EXERCISE DATA –
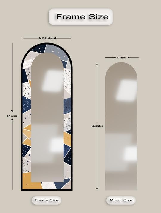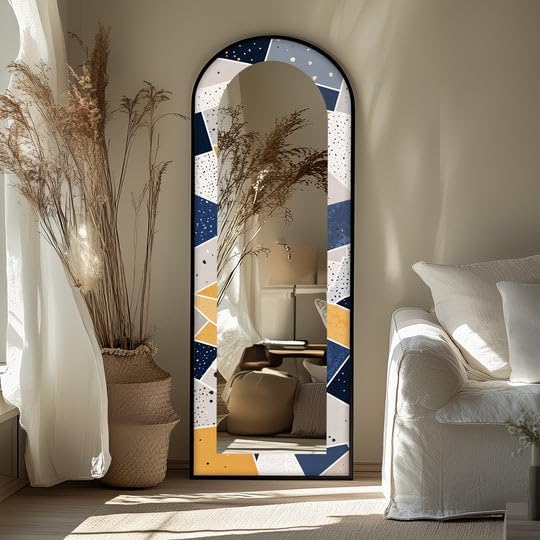 Arch Shaped Floor Mirror with Metal Frame – Gold, Black, or Silver | Leaning, Standing, or Wall-Mounted Full Body Mirror Add artistic charm and functional elegance to your space with our Arch Full Length Mirror, designed to make a bold statement in any room. Whether styled in a bedroom, hallway, or living room, this arched floor mirror enhances your interior with timeless beauty. The edges of the mirror consist of pictures in the colors of your choice printed on tempered glass using the UV printing technique. The mirror itself is mounted on top of this printed tempered glass, giving it a vibrant, durable, and luxurious finish that stands out in any setting. Measurements; TOTAL SIZE (Uv Printed Tempered Glass + Mirror) : 23,5’’W x 67’’ H ONLY MIRROR SIZE : 17’’W x 60,5’’ H Choose from three premium frame finishes—Arch gold mirror, sleek black, or arch floor mirror silver—and enjoy flexible use as a Standing Floor Mirror, Arched Wall Mirror, or casually leaned for a designer look. This is more than a Full Body Floor Mirror with Stand—it’s a piece of functional art. Multiple Placement Methods, This arched floor mirror comes with a U-shaped bracket, which you can freely place in the living room or bedroom. For your convenience in hanging on the wall, special hangers are designed on the back of the mirror.Our premium mirrors are crafted by gluing 4mm tempered glass to a 4mm mirror, combining durability and style. The tempered glass features UV printing for a glossy, vibrant look, while both the glass and mirror have smooth, grinded edges for safety. The hidden metal hanger ensures a sleek, ready-to-hang design, making it an elegant and functional addition to any room.
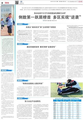 2024年天津市中小学生体质健康监测报告公布,榜单上,西青区位列榜首,滨海新区、北辰区、南开区等区域成绩优秀。这一结果令人惊叹:2023年的榜单上,它们还排名靠后,西青区更是全市垫底。仅仅一年时间,这些区域便从“倒数”变“正数”,这样的“逆袭”堪称完美。然而深入了解后,你会发现,这样的“逆袭”也并非偶然,而是自上而下系统性变革结出的果实。
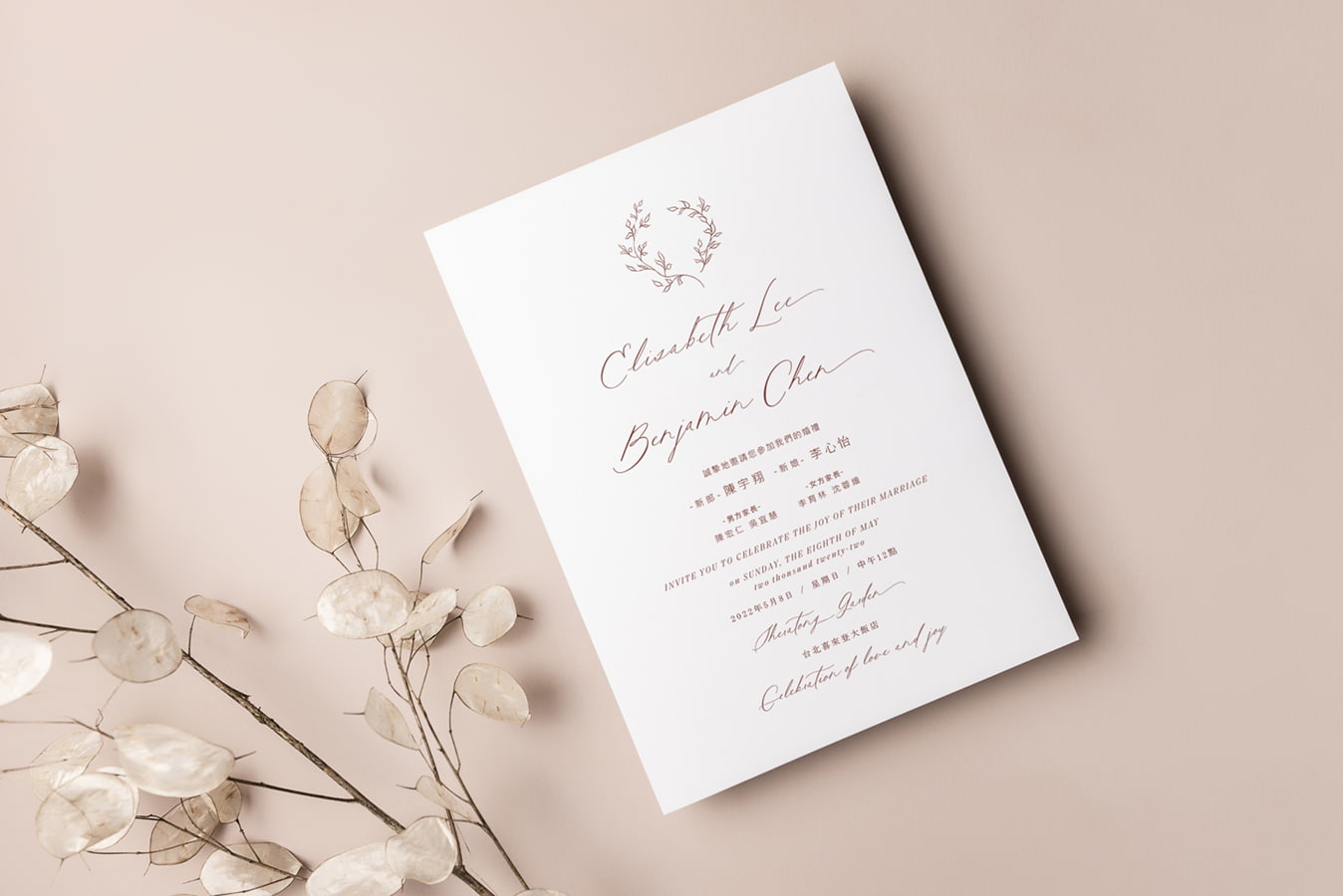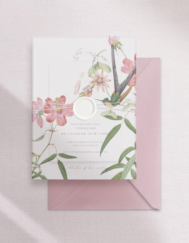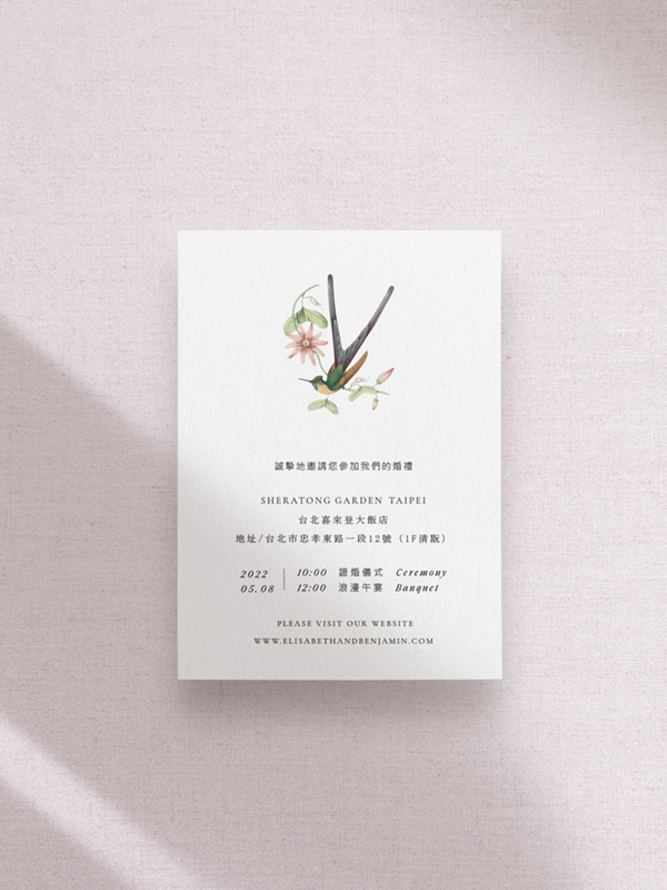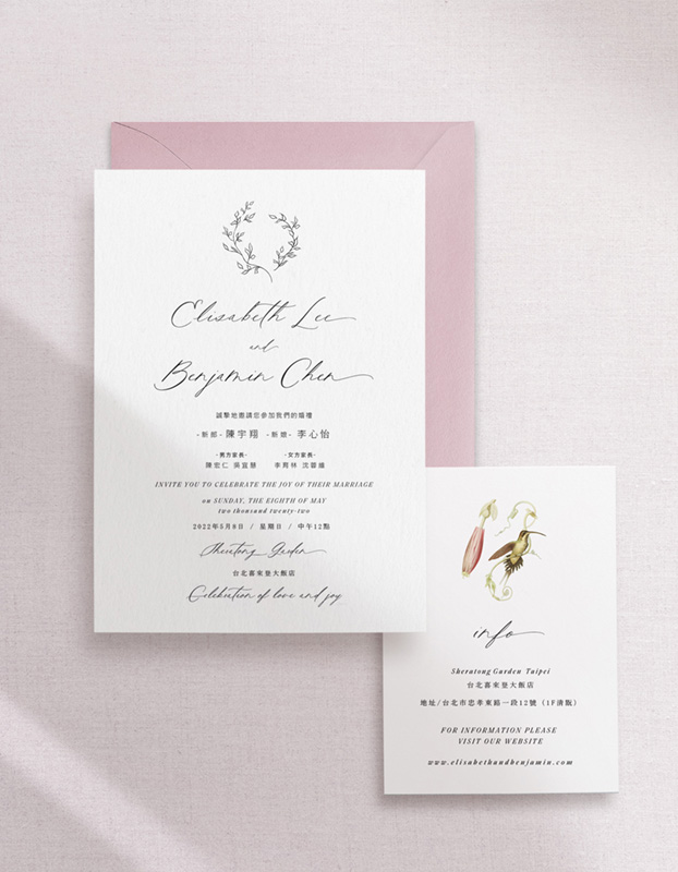 Spring Nymphs是一個富有極簡表現力與藝術感的系列,為了喜愛帶有現代浪漫風格的夫婦所設計,花卉與蜂鳥插圖帶出清新氛圍與簡約的文字排版是最完美的結合。您可以自由訂製英文手寫風格字體與花圈設計,將創造出更加貼近您美感的邀請函。

EXERCISE BRIEF –
Copy the data verbatim, skipping any image it holds.

TASK OUTPUT –
 Arch Shaped Floor Mirror with Metal Frame – Gold, Black, or Silver | Leaning, Standing, or Wall-Mounted Full Body Mirror Add artistic charm and functional elegance to your space with our Arch Full Length Mirror, designed to make a bold statement in any room. Whether styled in a bedroom, hallway, or living room, this arched floor mirror enhances your interior with timeless beauty. The edges of the mirror consist of pictures in the colors of your choice printed on tempered glass using the UV printing technique. The mirror itself is mounted on top of this printed tempered glass, giving it a vibrant, durable, and luxurious finish that stands out in any setting. Measurements; TOTAL SIZE (Uv Printed Tempered Glass + Mirror) : 23,5’’W x 67’’ H ONLY MIRROR SIZE : 17’’W x 60,5’’ H Choose from three premium frame finishes—Arch gold mirror, sleek black, or arch floor mirror silver—and enjoy flexible use as a Standing Floor Mirror, Arched Wall Mirror, or casually leaned for a designer look. This is more than a Full Body Floor Mirror with Stand—it’s a piece of functional art. Multiple Placement Methods, This arched floor mirror comes with a U-shaped bracket, which you can freely place in the living room or bedroom. For your convenience in hanging on the wall, special hangers are designed on the back of the mirror.Our premium mirrors are crafted by gluing 4mm tempered glass to a 4mm mirror, combining durability and style. The tempered glass features UV printing for a glossy, vibrant look, while both the glass and mirror have smooth, grinded edges for safety. The hidden metal hanger ensures a sleek, ready-to-hang design, making it an elegant and functional addition to any room.
 2024年天津市中小学生体质健康监测报告公布,榜单上,西青区位列榜首,滨海新区、北辰区、南开区等区域成绩优秀。这一结果令人惊叹:2023年的榜单上,它们还排名靠后,西青区更是全市垫底。仅仅一年时间,这些区域便从“倒数”变“正数”,这样的“逆袭”堪称完美。然而深入了解后,你会发现,这样的“逆袭”也并非偶然,而是自上而下系统性变革结出的果实。
 Spring Nymphs是一個富有極簡表現力與藝術感的系列,為了喜愛帶有現代浪漫風格的夫婦所設計,花卉與蜂鳥插圖帶出清新氛圍與簡約的文字排版是最完美的結合。您可以自由訂製英文手寫風格字體與花圈設計,將創造出更加貼近您美感的邀請函。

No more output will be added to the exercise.